Harbinger and Harbinger Wars manage to line up pretty well with one another, but Bloodshot is paced significantly behind the other two. In both Harbinger and Harbinger Wars, Bloodshot makes it to Vegas and meets up with the Renegades in the third issue of the arc, while in Bloodshot, the third issue is a detour and he doesn't make it to Vegas until the fourth part. If you read the individual issues in the order they were published, it's jarring; they're out of sync.

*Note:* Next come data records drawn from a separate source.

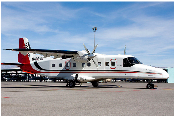
Covers, Plugs & HeatShields for the Dornier 228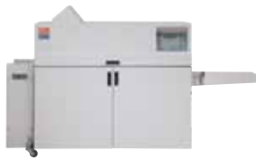
C.P. Bourg BDFNx Booklet Maker with Square Edge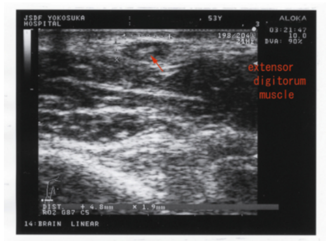
Figure 2: Echogram reveals a spiculate object within the low-echoic lesion above the extensor digitorum muscle (arrow).

The linear shadow that was revealed seemed to be longer and clearer than that of a dermoid cyst, which usually consists of hair and tooth. This tumor was extracted under local anesthesia. Histologically, it consisted of foreign body granulomas with a central abscess where a plant thorn of unknown origin was identified. Special stains did not confirm the presence of any particular organisms (Fig. 3).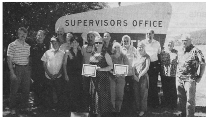
Five Siskiyou County fire safe councils received U.S. Forest Service community protection grants totaling $295,000 at an awards ceremony at the Klamath National Forest Supervisor's Office.

The Klamath National Forest, Scott/Salmon Ranger District has created a successful collaboration model through participating agreements and collective project planning with local organizations. The Forest and District level management and planning personnel have supported and participated in the strategic planning of hazardous fuel reduction projects within various areas of Siskiyou County, California and have championed the acquisition of third party grant funding. Likewise, local organizations have supported and participated in the planning of forest management projects on public lands which has helped to gain public support. This ongoing collaboration has also lead to a liaison concept whereby local organizations provides critical landscape information to fire management teams that may come into the area.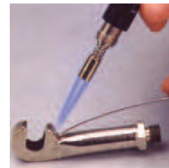
Torch (UT-200 only)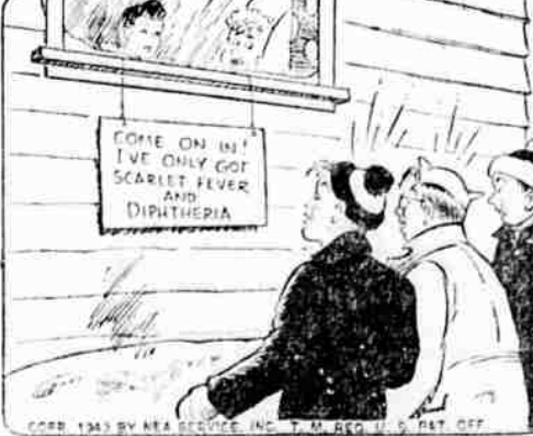
By Merrill Blosser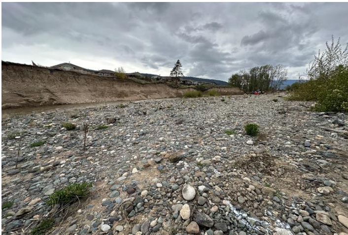
FIGURE 1 – CHANNEL WIDENING AREA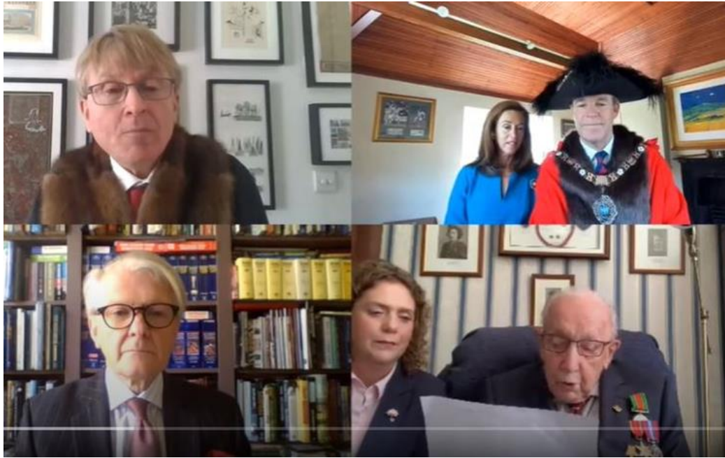
Captain Tom Moore reads the Declaration of a Freeman of London in an online ceremony in May 2020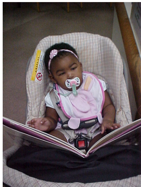
Above: One of Moore Memorial Public Library's littlest readers enjoys a book while her parents use the Internet.

So, you can either read each trade beginning-to-end, in order:

  1. Harbinger Wars
  2. Harbinger vol 3
  3. Bloodshot vol 3

or you can read the individual issues in the order they take place:

  1. Harbinger #0
  2. Harbinger Wars #1
  3. Harbinger #11
  4. Bloodshot #10
  5. Harbinger Wars #2
  6. Bloodshot #11
  7. Harbinger #12
  8. Bloodshot #12
  9. Harbinger Wars #3
  10. Harbinger #13
  11. Harbinger Wars #4
  12. Harbinger #14
  13. Bloodshot #13

Either way, you'll want to read the first two volumes each of Harbinger and Bloodshot before you read Harbinger Wars.


Unity

Not Included

The Humble Valiant Bundle doesn't include X-O Manowar vol 4, which is something of a problem as that book leads into Unity. At least, at the beginning of Unity, Aric has set up in Romania and has already crossed paths with Gilad; this doesn't happen in any of the books in the bundle and I assume it's in X-O vol 4.

Unity vol 1-2

Before you read this, you'll want to have read the first three volumes of X-O Manowar, the first three volumes of Harbinger (including the Harbinger Wars crossover), the first two volumes of Archer & Armstrong (since vol 2 introduces the Eternal Warrior, who appears in Unity), and, if you've got it, the fourth volume of X-O Manowar (which, as noted, is not included in the Humble Valiant Bundle).


And Finally...

Rai #1-#4

I would almost call Rai standalone, but it does pick up a thread from Unity vol 2, so I'd recommend reading that first. And maybe Eternal Warrior vol 2, since it takes place in the same future as Rai; there's not much overlap between them, but I think the story of Japan-as-space-station gains something if you already know what's going on down on the surface before you start.